» **What you should do**:
What is needed is a word-for-word copy of the lines below from the one with "4. **Define URL" through the one with "主席团会议推定蒋超良、陈一新", both included, with every picture left out.

(Stored data)
- Opening Delimiter -
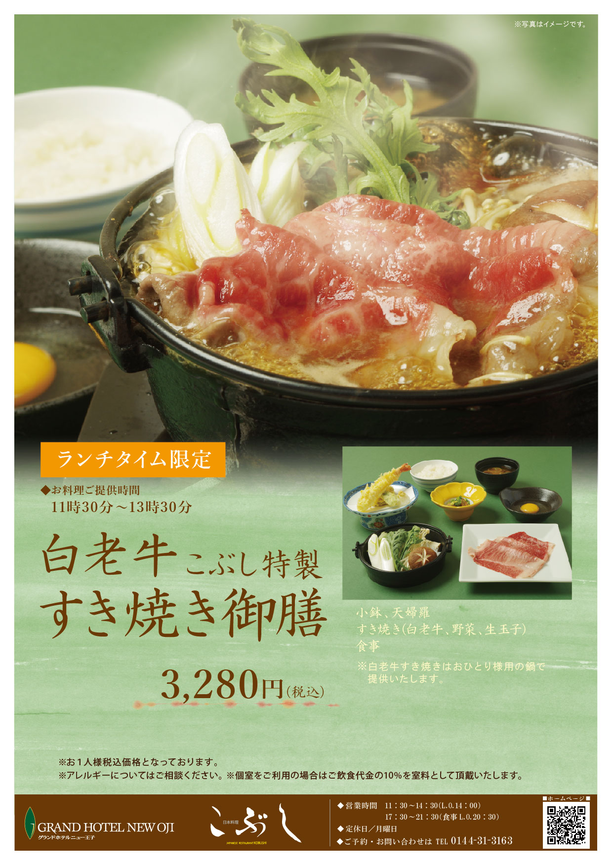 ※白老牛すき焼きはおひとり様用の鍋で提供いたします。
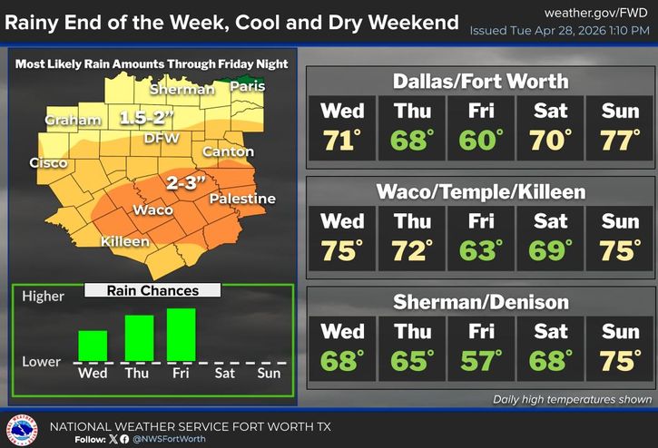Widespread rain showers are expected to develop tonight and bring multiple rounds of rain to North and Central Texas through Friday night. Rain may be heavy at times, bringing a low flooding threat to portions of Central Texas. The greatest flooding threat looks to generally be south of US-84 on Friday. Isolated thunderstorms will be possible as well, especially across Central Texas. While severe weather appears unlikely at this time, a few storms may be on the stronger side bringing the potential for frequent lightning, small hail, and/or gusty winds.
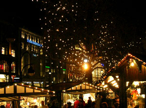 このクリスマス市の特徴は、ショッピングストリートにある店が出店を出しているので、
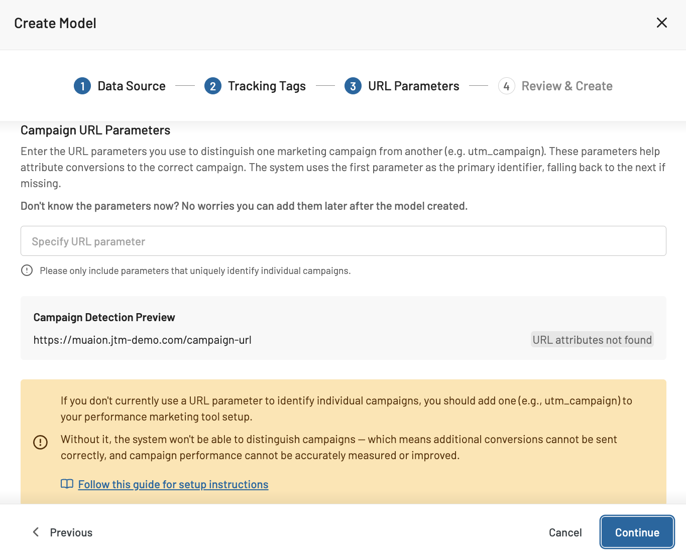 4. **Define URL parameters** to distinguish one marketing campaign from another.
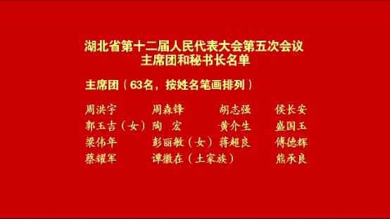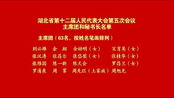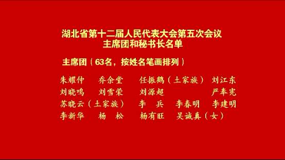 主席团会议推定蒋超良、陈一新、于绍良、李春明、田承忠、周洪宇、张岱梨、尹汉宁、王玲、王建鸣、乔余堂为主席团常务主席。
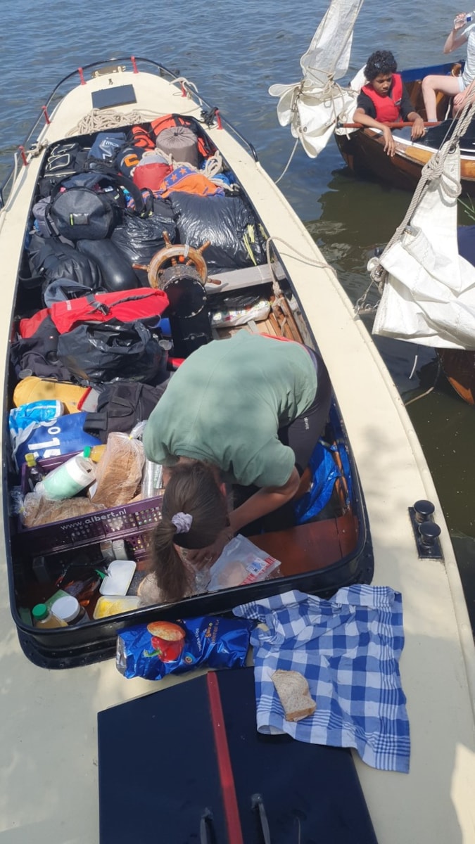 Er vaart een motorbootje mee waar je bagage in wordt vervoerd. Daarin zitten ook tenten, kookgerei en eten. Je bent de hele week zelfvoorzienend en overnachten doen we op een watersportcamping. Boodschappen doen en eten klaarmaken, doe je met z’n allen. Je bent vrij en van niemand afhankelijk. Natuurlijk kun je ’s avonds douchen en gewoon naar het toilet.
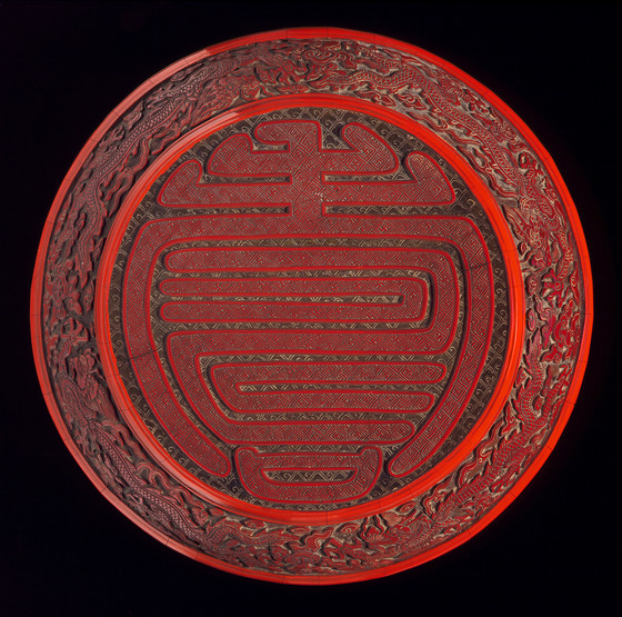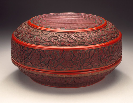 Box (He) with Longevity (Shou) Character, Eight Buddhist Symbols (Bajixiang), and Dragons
- Closing Delimiter -
» **Task result**:
 4. **Define URL parameters** to distinguish one marketing campaign from another.
 主席团会议推定蒋超良、陈一新、于绍良、李春明、田承忠、周洪宇、张岱梨、尹汉宁、王玲、王建鸣、乔余堂为主席团常务主席。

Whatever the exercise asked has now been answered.